[Dataset excerpts]
= = =
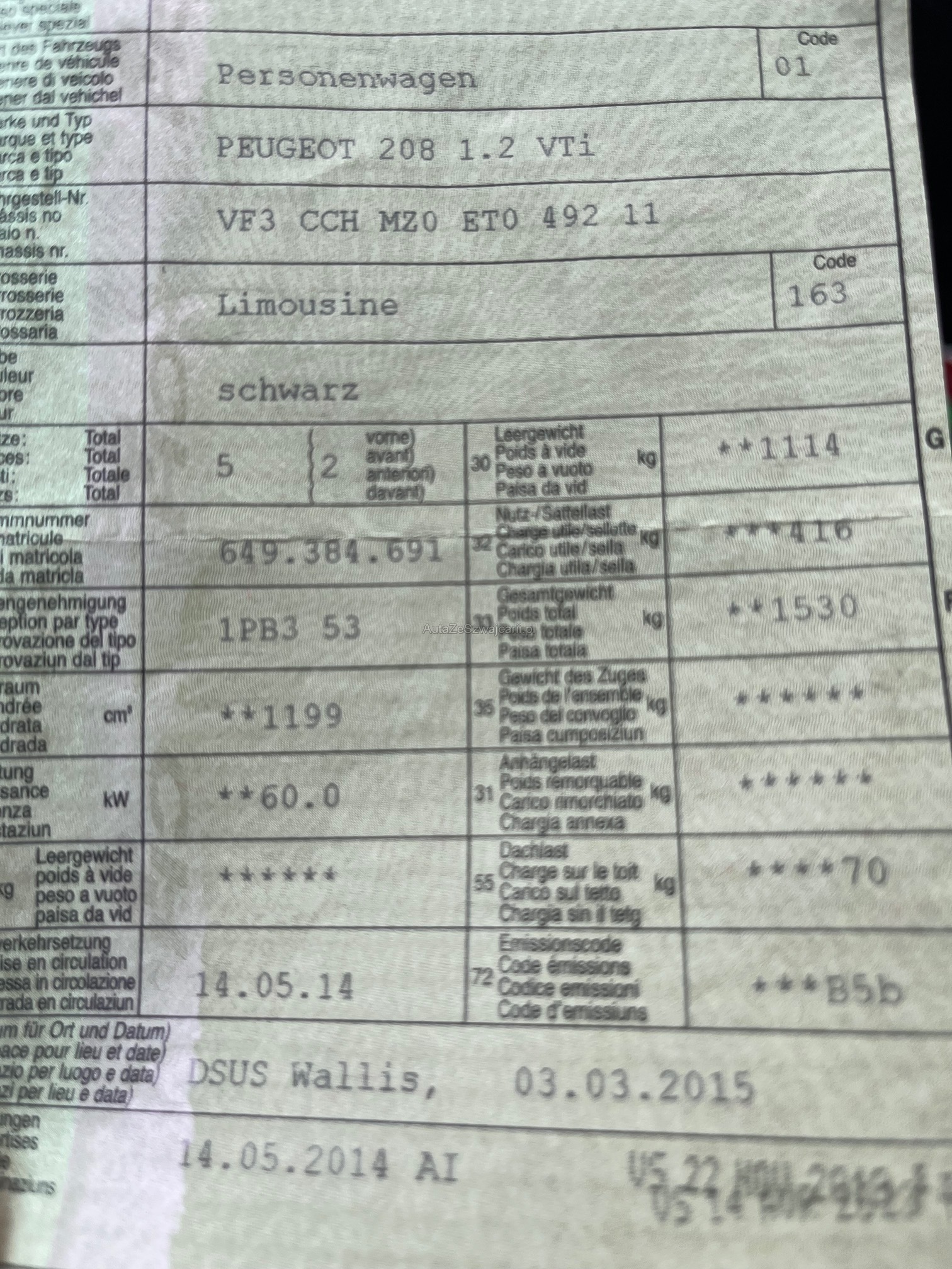 | Kommentar | Es handelt sich um ein Occasion Fahrzeug das Gebrauchsspuren aufweist. Es wurde kein detaillierter Werkstatttest am Fahrzeug gemacht. Jede Gewährleistung, soweit nach Gesetz möglich, wird wegbedungen, insbesondere sind Wandelung und Minderung ausgeschlossen. Der Käufer bestätigt mit seinem Gebot, dies anzuerkennen und verpflichtet sich, das ersteigerte Fahrzeug umgehend nach einer Banküberweisung abzuholen. Der Preis ist fix und nicht mehr verhandelbar! Es wird grundsätzlich kein Werkstatttest durchgeführt. |
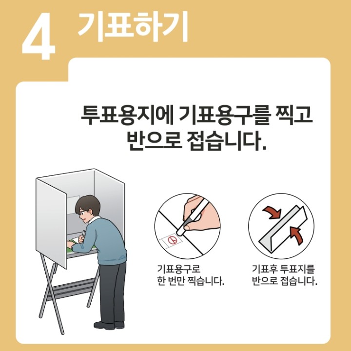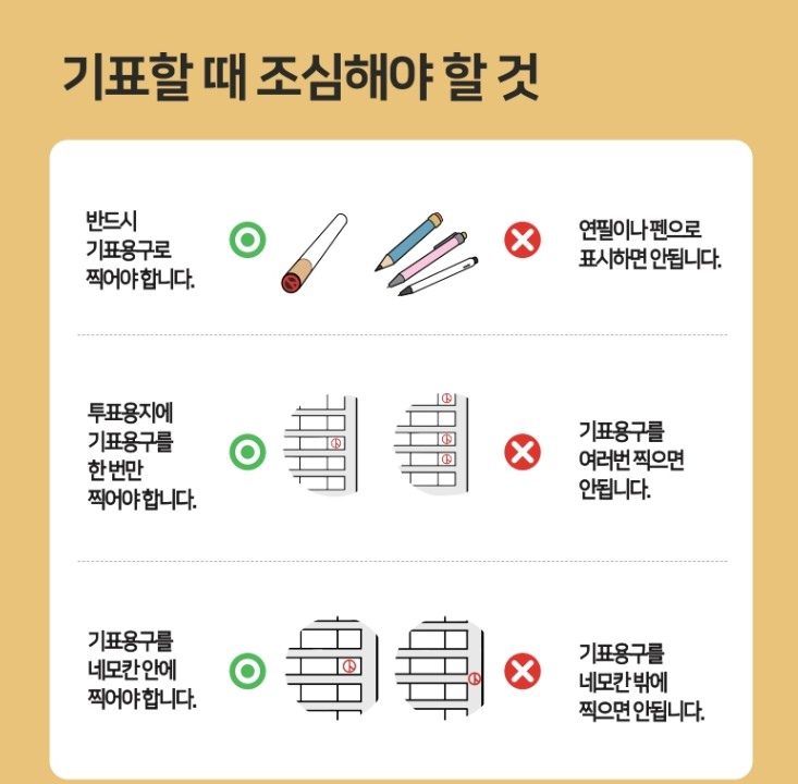 - 기표할 때는 반드시 제공된 도장만 사용해야 하며, 볼펜이나 체크 표시(X)는 무효 처리됩니다.
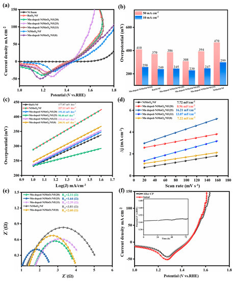 In summary, we successfully prepared self-supported electrodes (Mn-doped-NiMoO4/NF (25)) on 3D conductive nickel foam with a rod-like nanosheet array structure by a two-step hydrothermal and low-temperature calcination method. The electrocatalytic performance tests demonstrates that the doping of Mn elements could effectively modulate the NiMoO4/NF morphology, and the electronic valence state of its surface improved the electrical conductivity as well as provided more active sites. In addition, the tight connection between NiMoO4 and Ni foam effectively prevented agglomeration between the electrocatalysts, giving the catalyst excellent stability. In particular, the Mn-doped-NiMoO4/NF (25) only required 230 mV to drive a current density of 10 mA cm−2, and stable tests were completed for at least 76 h under alkaline conditions. During this process, the oxidation state of Ni increased and there was more Ni3+ as well as the rapid dissolution of MoO42−, thus showing excellent OER activity. The designed electrocatalyst has the advantages of high activity and stability, and show the potential to be applied to the OER on a large scale. This work provides a new idea for the design and development of non-precious metal catalysts with a transition metal element doping strategy.
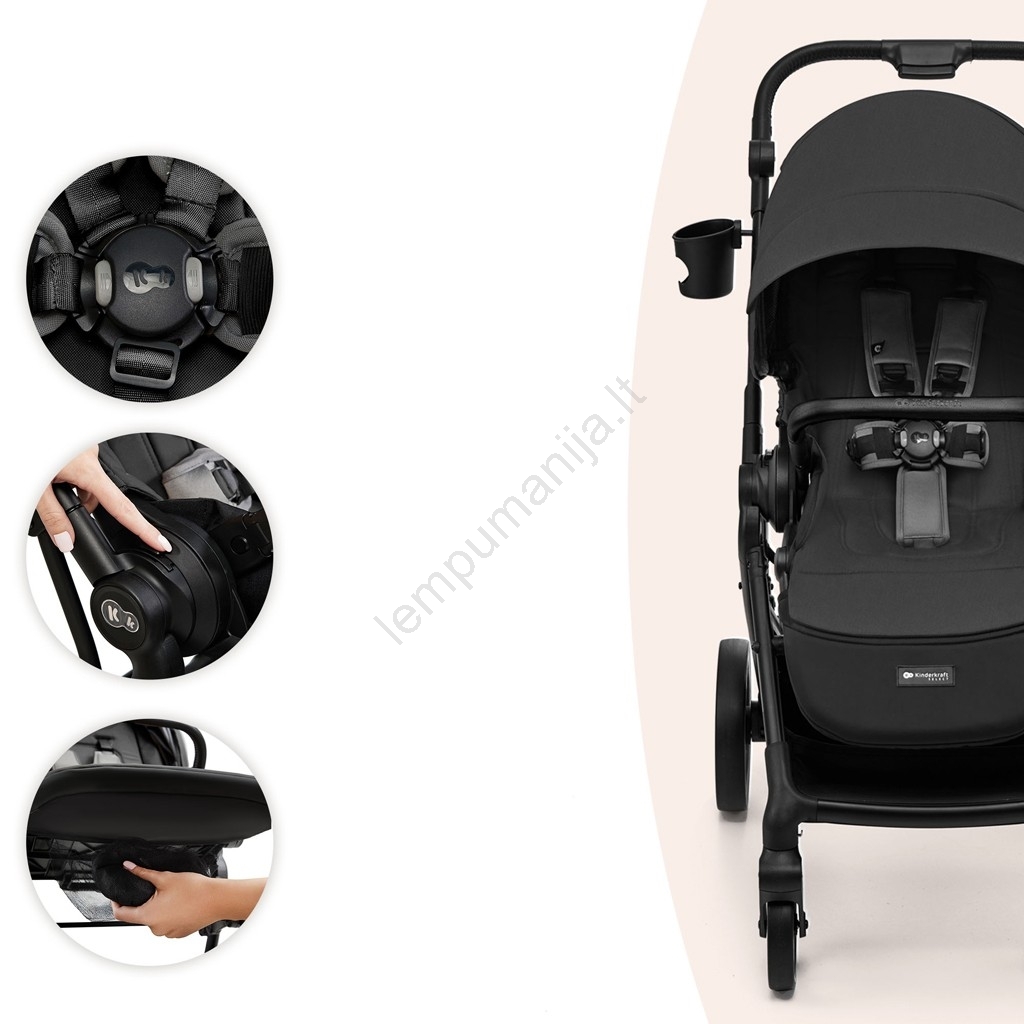 • Reguliuojama stūmimo rankena, lengvai pritaikoma pagal tėvų ūgį.
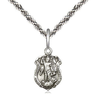 Sterling Silver St. Michael the Archangel Shield Medal | Small | Engravable
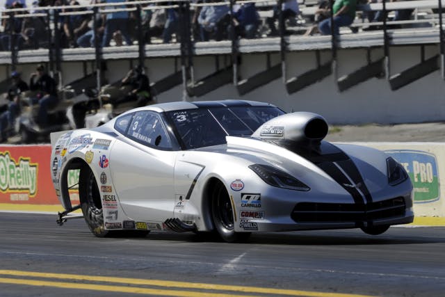 In the NHRA Pro Modified category’s inaugural visit to the Heartland Park Topeka in Kansas, Michigan racer Bob Rahaim stunned the class by qualifying atop the field in his nitrous oxide-assisted Corvette with a 5.746 at 251.49 mph — at the time the quickest quarter-mile run in history by a nitrous-assisted doorslammer and still the quickest in NHRA-legal trim.
= = =
Before you finish, make sure every line above has been repeated exactly and no picture remains in the copy.

 | Kommentar | Es handelt sich um ein Occasion Fahrzeug das Gebrauchsspuren aufweist. Es wurde kein detaillierter Werkstatttest am Fahrzeug gemacht. Jede Gewährleistung, soweit nach Gesetz möglich, wird wegbedungen, insbesondere sind Wandelung und Minderung ausgeschlossen. Der Käufer bestätigt mit seinem Gebot, dies anzuerkennen und verpflichtet sich, das ersteigerte Fahrzeug umgehend nach einer Banküberweisung abzuholen. Der Preis ist fix und nicht mehr verhandelbar! Es wird grundsätzlich kein Werkstatttest durchgeführt. |
 - 기표할 때는 반드시 제공된 도장만 사용해야 하며, 볼펜이나 체크 표시(X)는 무효 처리됩니다.
 In summary, we successfully prepared self-supported electrodes (Mn-doped-NiMoO4/NF (25)) on 3D conductive nickel foam with a rod-like nanosheet array structure by a two-step hydrothermal and low-temperature calcination method. The electrocatalytic performance tests demonstrates that the doping of Mn elements could effectively modulate the NiMoO4/NF morphology, and the electronic valence state of its surface improved the electrical conductivity as well as provided more active sites. In addition, the tight connection between NiMoO4 and Ni foam effectively prevented agglomeration between the electrocatalysts, giving the catalyst excellent stability. In particular, the Mn-doped-NiMoO4/NF (25) only required 230 mV to drive a current density of 10 mA cm−2, and stable tests were completed for at least 76 h under alkaline conditions. During this process, the oxidation state of Ni increased and there was more Ni3+ as well as the rapid dissolution of MoO42−, thus showing excellent OER activity. The designed electrocatalyst has the advantages of high activity and stability, and show the potential to be applied to the OER on a large scale. This work provides a new idea for the design and development of non-precious metal catalysts with a transition metal element doping strategy.
 • Reguliuojama stūmimo rankena, lengvai pritaikoma pagal tėvų ūgį.
 Sterling Silver St. Michael the Archangel Shield Medal | Small | Engravable
 In the NHRA Pro Modified category’s inaugural visit to the Heartland Park Topeka in Kansas, Michigan racer Bob Rahaim stunned the class by qualifying atop the field in his nitrous oxide-assisted Corvette with a 5.746 at 251.49 mph — at the time the quickest quarter-mile run in history by a nitrous-assisted doorslammer and still the quickest in NHRA-legal trim.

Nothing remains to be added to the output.